What is notable is that it received a high number of recommends, agreements with my sentiments, which were echoed in other comments with high reader approvals.  What I didn't have space for in my printed comment was to describe the contradiction- the President's moral obtuseness of self righteous abrogation of an investigatory tool for tracking potential terrorists; while defending drone based execution of targeted individuals, including innocent bystanders.  In this procedure, unlike the investigations that have now been denied tools for effectiveness, there is absolutely nothing remotely like "due process," no defense at all, simply the sum total of damning reports of nefarious purposes that condemns the individual, and innocents around the explosion, to death.

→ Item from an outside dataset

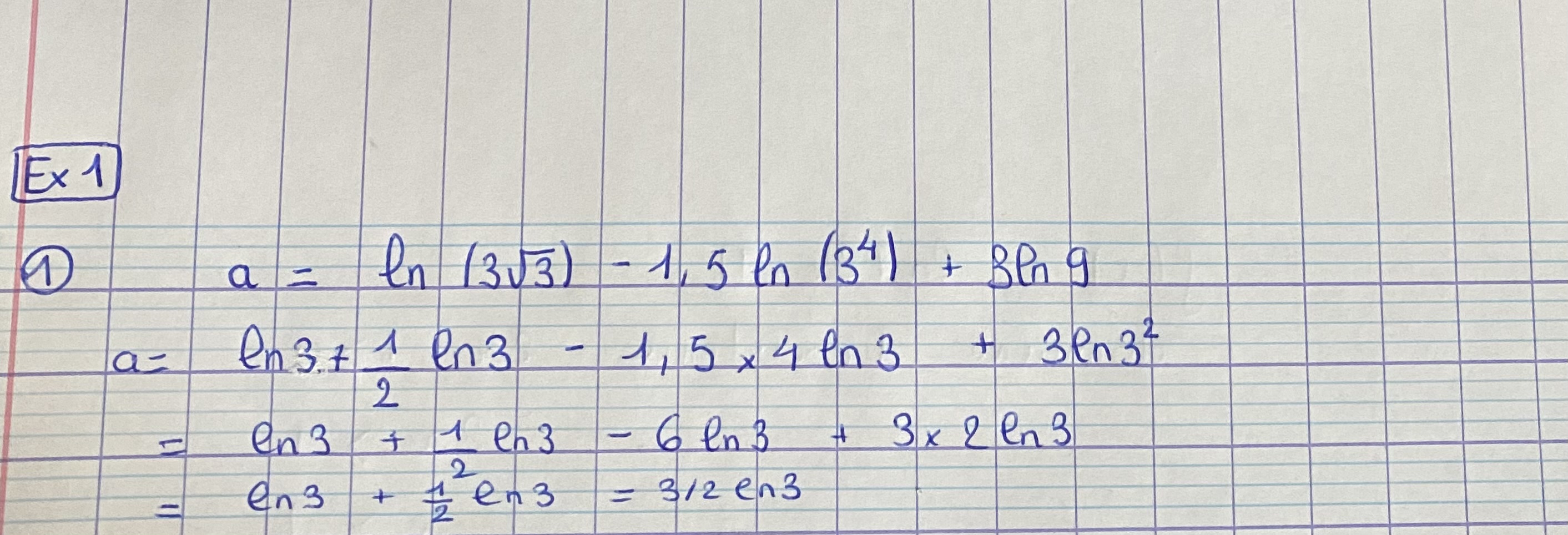 avec cela tu vas pouvoir transformer ln(3\(\sqrt{3}\)) et ln(9) = ln(3²) et ainsi simplifier a ...

One value of looking at this ruling is that it is done under the rubric of fairness, opposing "discrimination"-- a word that when over-generalized negates the differentiation between when such a sorting process is rational and when it is used to perpetuate unjustified harm to a given group.  "Discrimination" so distorted, is always seen as invidious,  as an extension of another common term that is unfortunately not explored with the full appreciation of its violence to our language, to critical thinking, and in this case, vital pubic policy.  That term is "political correctness," or simply PC.  It is too often simply a joke, a punch line, something for late night comedians to garner a chuckle. 

In combating terrorist attacks, President Barack Obama continues to defend our vast investment in NSA procedures that tease out by phone-based "meta data" patterns that often mirror religious connections.  Perhaps such individuals will have accumulated guilt-by-connections with such groups, or too many calls to a vocal advocate of violence against America.  And by the decision of a single individual, without any legal defense or even opportunity to explain his/her action, a lethal attack may be authorized.

If this suspect person had been investigated, perhaps his group infiltrated by covert FBI agents based on criteria now disallowed, there may have been an indictment, then a trial, an appeal-- the entire array of what we promise all who live in this country, "due process."  Our President with a stroke of his pen, without any concurrence by our elected legislators, has weakened this process that begins with an investigation and ends with a trial;  while preserving his right to issue edicts of remote execution.

And yes, this is too much, even for liberals.  Actually, especially for liberals.